You were so hot when you licked your lips. I jerked off for two hours just thinking about it.
Bonnie scrambled out of bed, feet getting tangled in her duvet. Her heart thudded painfully in her chest. Her father was making dinner downstairs. She could hear him fiddling with the stove.
Bonnie went to her window, glancing out warily as if expecting to see him down the street, waving at her.
She opened it halfway, letting the cool breeze in. Even so, a light sheen of sweat dappled the small of her back.
She typed furiously.
How did you get my number? B.
I hacked your phone, obviously. K.
No, you didn't. B.
Fine. I hacked someone else's phone to get your number. K.
Stop lying. B.
I'm invading your privacy. Does it matter how I did it? K.
Yes. B.
What are you wearing? K.
Bonnie choked on her anger.
You mean you can't see through the camera you had installed in my room? B.
Ahahahahahaha. You're so funny. Bra or no bra? K.
I can just block you. B.
But u won't. K.
What makes you think that? B.
Are you gonna go out with Mattie D again? K.
None of your business. B. She hated that she giggled a little at 'Mattie D'.
Mattie D is young, has his whole life ahead of him. K.
Your point? B.
Wouldn't want anything to happen to him, u know? K.
Bonnie sat down on the window seat. The cool air made her shiver, but she welcomed it. She felt feverish.
What does that mean? B.
You know what it means. Scent of magnolias, sweet and fresh. K.
He was quoting "Strange Fruit". Bonnie felt dread and excitement and revulsion in the pit of her stomach. Like swallowing a jar of guts and blood.
Did you put them up on the ceiling like I told u? K.
His drawings. Bonnie stared guiltily at the cardboard box under the bed where she kept some old toys and knickknacks from the old house in Georgia.
No. I burned them. B.
Liar. But it's okay. I can always make you more. K.

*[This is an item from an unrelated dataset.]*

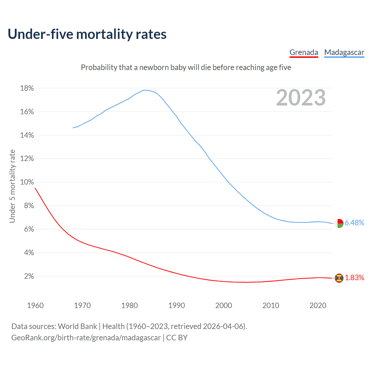 The chance that a newborn baby will die before reaching age five is 1.83% in Grenada and 6.48% in Madagascar. Above is a chart with historical data on under-five mortality rates.

The thought electrified her. It made her squirm and sink her toes in the carpet.
Gotta go wipe the cum off me. Night, Bonnie-Boo. K.
Bonnie swallowed hard. He'd been jerking off to her, he said. She tried not to picture it. But everything was a picture with him; graphic and painful and raw.
She sank down on the bed and squeezed her thighs shut. She felt that if she touched herself, he'd know.